Looked up some HD pinhole cameras, some do 1280x960 resolution video and 3264x2448 stills, that's pretty good right? Does the SpectralWorkbench software need stills input or video? Also, I wonder if the pinhole cameras that are being sold are really pinhole cameras or if they are just tiny, fixed lens cameras, which would kind of defeat the purpose....


I'm hoping to put together a page at http://publiclaboratory.org/wiki/diffraction-gratings to list different types and pros/cons. There have been some good mailing list discussions on this.

Do you have links for HD pinhole cameras? It's easiest if they are USB webcams. I was going to try removing a lens and building my own.


I actually only made a search of "HD pinhole camera" on eBay and found a long list of candidates:

http://www.ebay.com/sch/i.html?nkw=pinhole+HD+camera&sacat=0&odkw=pinhole+HD+USB+camera&sop=15&_osacat=0

Some have a very good resolution, but the specs lack sizes of the CMOS/CCD chip and if they use lenses. Anyway, I take it for certain that all use some kind of a cheap plastic lens. I wonder if there is a way I could measure the absorption of these lenses, or find documentation on just that subject online...


triple post!


double pots... gateway problem?


Hi, this is impressive. I'm wondering how you could normalize the graphs so that they have the same total areas under the curve (which function in Excel can do it? )


Hi, Minh! There's a thread discussing this feature in progress here: https://github.com/jywarren/spectral-workbench/issues/108


Hey friends! I've been very busy with work lately, so it's taken some time for me to get back here.

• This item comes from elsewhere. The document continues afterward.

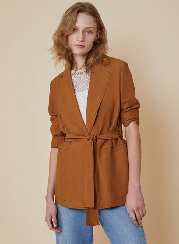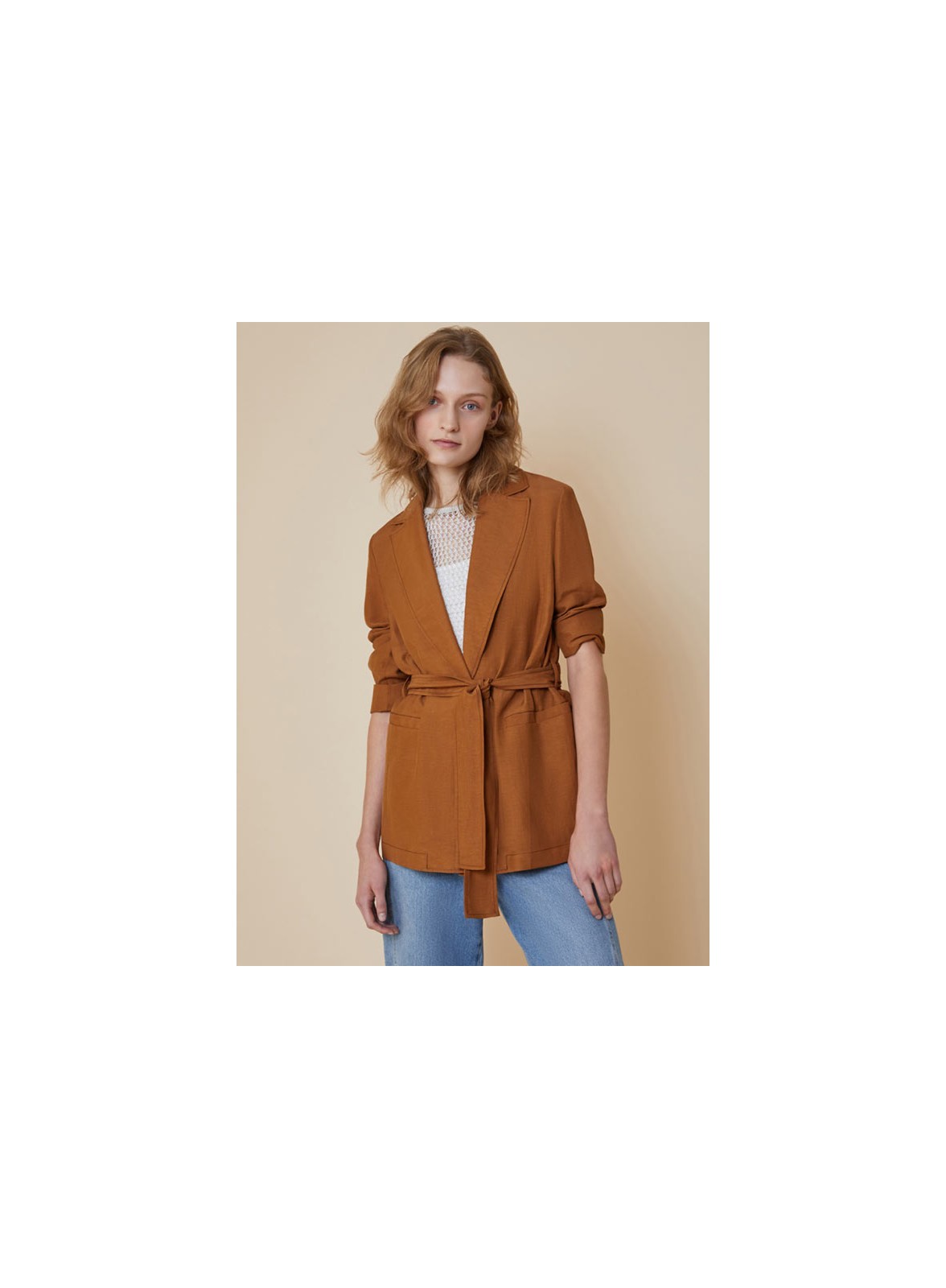 Giacca firmata PENNYBLACK dal design contemporaneo e dalla linea morbida, perfetta per completare con eleganza disinvolta qualsiasi outfit di stagione. Questo modello, che unisce comfort e stile, è pensato per donne che cercano un capo sofisticato ma facile da abbinare. Realizzata in un pregiato mix di lino e viscosa, presenta una texture naturale, fresca al tatto e ideale per i mesi più miti. La giacca è proposta in tonalità neutre e raffinate, adatte ad ogni guardaroba e facili da coordinare. Il colore si integra armoniosamente con il taglio leggermente boxy, donando un look moderno e rilassato. La cintura in tinta permette di sottolineare il punto vita o di lasciarla aperta per uno stile più casual.

Fernando: My webcam seems to go down to around 375ish. AFAIK, most webcams don't include any sort of intentional UV filter, because the sensor isn't too sensitive in the UV range, though the lens may well block some of it that the sensor would otherwise pick up. A pinhole camera might be able to pick up more. It might also be worth studying the properties of the sensors used in various cameras. I know some are more sensitive to IR than others, it may be the same case for UV. As for the source I'm using, it's one of these: http://www.batteryjunction.com/p60-uv-buld.html. If you're interested in it, I can tell you what you'll need to set it up, it's a "P60-style dropin". A 3D printer sounds like a lot if fun! You'll have to show us some of your creations! As for the DVD messing with the UV, if you're worried about that, I agree with Warren that a dedicated diffraction grating is a good option, and I think you could find one relatively cheap. With the spectral workbench software, it uses video in[ut, but you also have the option to upload an image straight to the site without using the capture software (this would mean more work for you to prepare the image on your own).

Minh: AFAIK, there is no "normalize" function in Excel. You have to do it in several steps, and you can follow the outline I gave above (in the comment on Sept 4th). If you'd like some help figuring out exactly how to make Excel do that, let me know and I'd be glad to give you some tips.